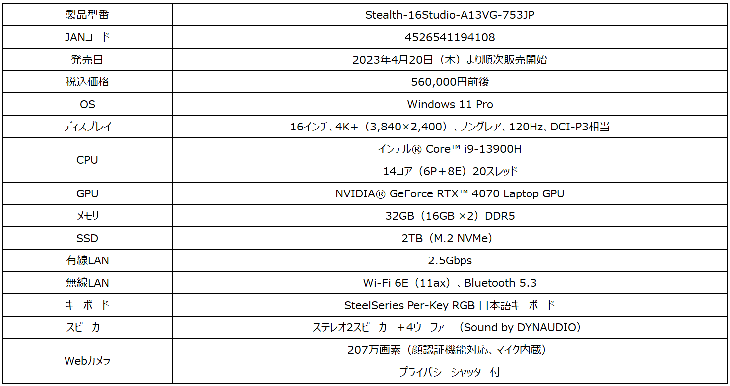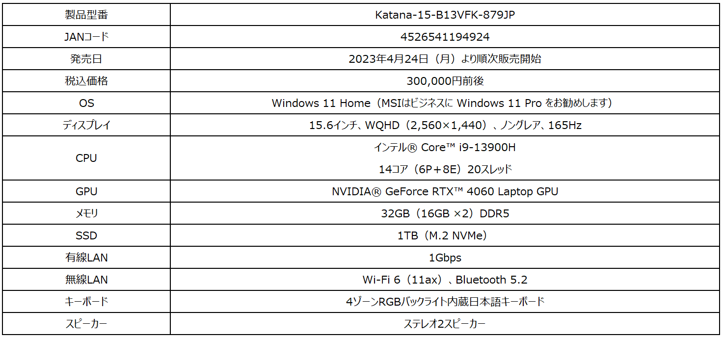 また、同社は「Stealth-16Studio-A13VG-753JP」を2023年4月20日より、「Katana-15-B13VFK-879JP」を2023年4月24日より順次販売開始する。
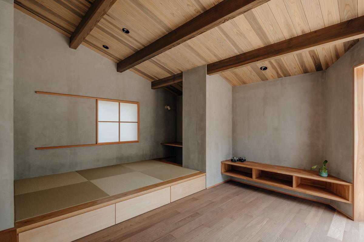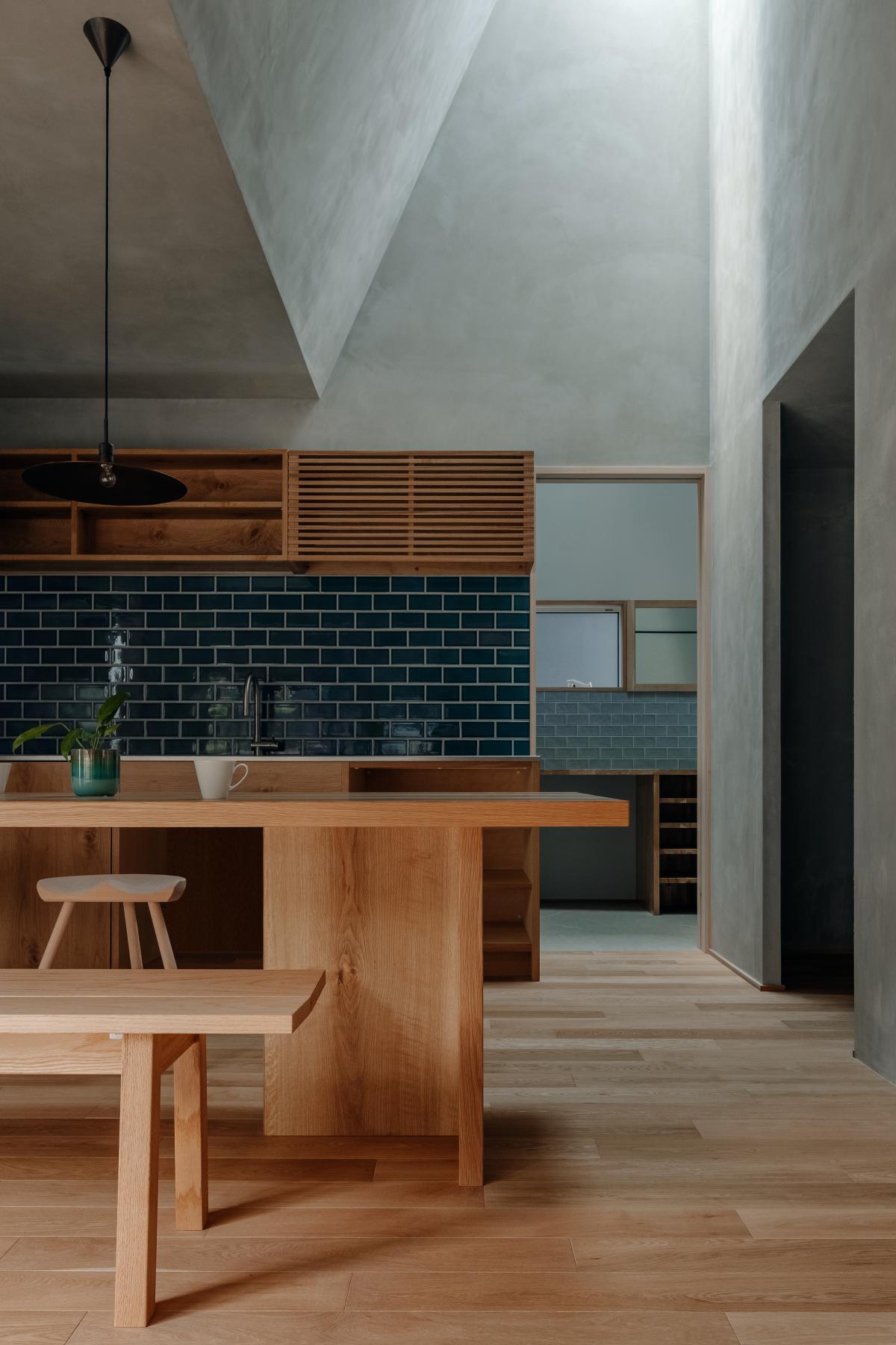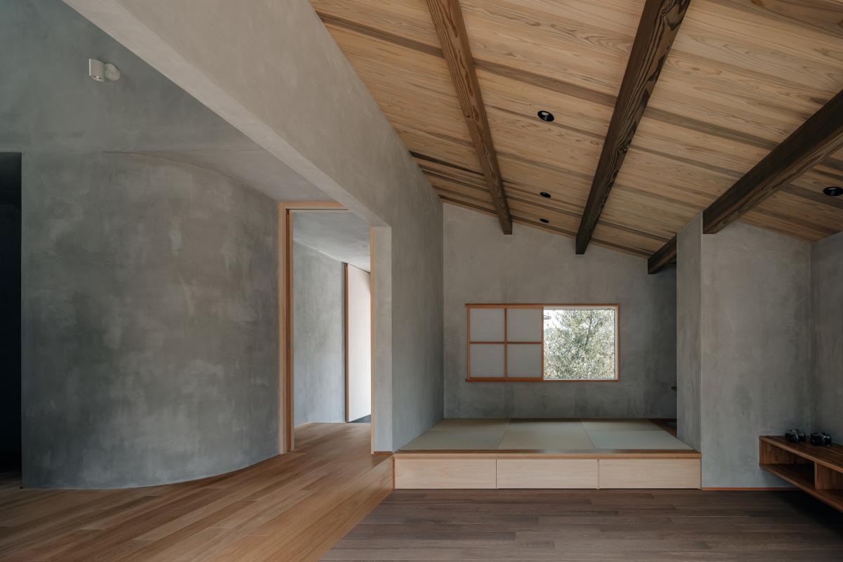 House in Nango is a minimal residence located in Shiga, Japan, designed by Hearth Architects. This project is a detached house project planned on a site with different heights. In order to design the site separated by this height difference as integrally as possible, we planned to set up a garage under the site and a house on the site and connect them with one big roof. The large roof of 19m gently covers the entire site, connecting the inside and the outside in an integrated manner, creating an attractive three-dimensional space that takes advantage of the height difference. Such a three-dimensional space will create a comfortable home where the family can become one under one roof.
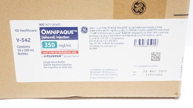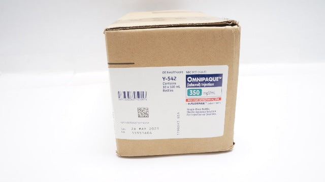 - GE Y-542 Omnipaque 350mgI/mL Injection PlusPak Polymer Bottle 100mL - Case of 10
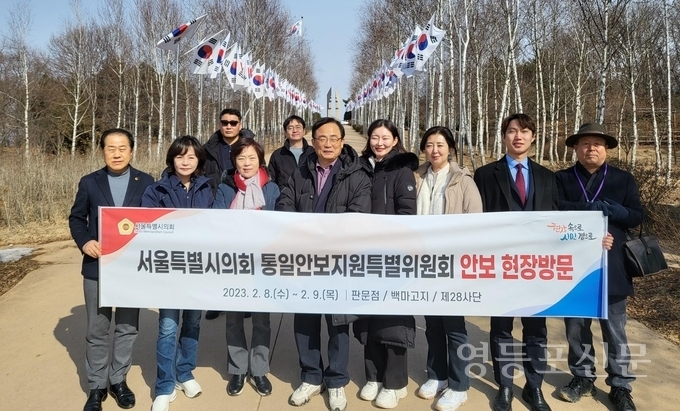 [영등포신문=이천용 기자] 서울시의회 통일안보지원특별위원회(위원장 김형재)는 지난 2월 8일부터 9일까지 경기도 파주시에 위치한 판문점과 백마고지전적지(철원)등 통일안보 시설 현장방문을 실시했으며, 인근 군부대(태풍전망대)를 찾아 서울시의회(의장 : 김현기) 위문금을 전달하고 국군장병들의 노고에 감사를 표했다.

·····

* **Work order**:
Return all of the lines above without alteration, minus the pictures.

* **Completed task**:
 また、同社は「Stealth-16Studio-A13VG-753JP」を2023年4月20日より、「Katana-15-B13VFK-879JP」を2023年4月24日より順次販売開始する。
 House in Nango is a minimal residence located in Shiga, Japan, designed by Hearth Architects. This project is a detached house project planned on a site with different heights. In order to design the site separated by this height difference as integrally as possible, we planned to set up a garage under the site and a house on the site and connect them with one big roof. The large roof of 19m gently covers the entire site, connecting the inside and the outside in an integrated manner, creating an attractive three-dimensional space that takes advantage of the height difference. Such a three-dimensional space will create a comfortable home where the family can become one under one roof.
 - GE Y-542 Omnipaque 350mgI/mL Injection PlusPak Polymer Bottle 100mL - Case of 10
 [영등포신문=이천용 기자] 서울시의회 통일안보지원특별위원회(위원장 김형재)는 지난 2월 8일부터 9일까지 경기도 파주시에 위치한 판문점과 백마고지전적지(철원)등 통일안보 시설 현장방문을 실시했으며, 인근 군부대(태풍전망대)를 찾아 서울시의회(의장 : 김현기) 위문금을 전달하고 국군장병들의 노고에 감사를 표했다.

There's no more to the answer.